PROVIDED DATA: Begin
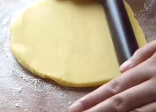 【第一步】:首先我们把揉好的面团用擀面杖擀成很大张的薄饼,厚度控制在1mm左右,越薄越好,因为这样做出来的饼干才会又脆又香。
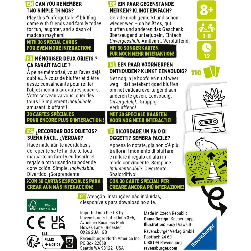 Edad: +8 años. Número de jugadores: 3-8. Duración de la partida: 15 minutos. Al intercambiar regalos, intenta recordar qué regalo tiene cada uno frente a sí. Si no recuerdas qué carta tienes delante, es el momento de hacer un buen farol. Si te descubren o te equivocas, recibirás puntos negativos.
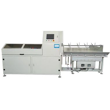 Les opérateurs peuvent programmer les longueurs de noyau requises et leurs quantités sur l'interface à écran tactile, après avoir introduit les noyaux parents sur le chargeur de trémie, le coupeur de noyau entièrement automatique peut fonctionner automatiquement pour tirer le noyau dans la machine, en calculant automatiquement la longueur du noyau parent, et commencez à couper.
PROVIDED DATA: End
EXERCISE GOAL:
Print the preceding material over again exactly. Please leave the pictures out.

YOUR SOLUTION:
 【第一步】:首先我们把揉好的面团用擀面杖擀成很大张的薄饼,厚度控制在1mm左右,越薄越好,因为这样做出来的饼干才会又脆又香。
 Edad: +8 años. Número de jugadores: 3-8. Duración de la partida: 15 minutos. Al intercambiar regalos, intenta recordar qué regalo tiene cada uno frente a sí. Si no recuerdas qué carta tienes delante, es el momento de hacer un buen farol. Si te descubren o te equivocas, recibirás puntos negativos.
 Les opérateurs peuvent programmer les longueurs de noyau requises et leurs quantités sur l'interface à écran tactile, après avoir introduit les noyaux parents sur le chargeur de trémie, le coupeur de noyau entièrement automatique peut fonctionner automatiquement pour tirer le noyau dans la machine, en calculant automatiquement la longueur du noyau parent, et commencez à couper.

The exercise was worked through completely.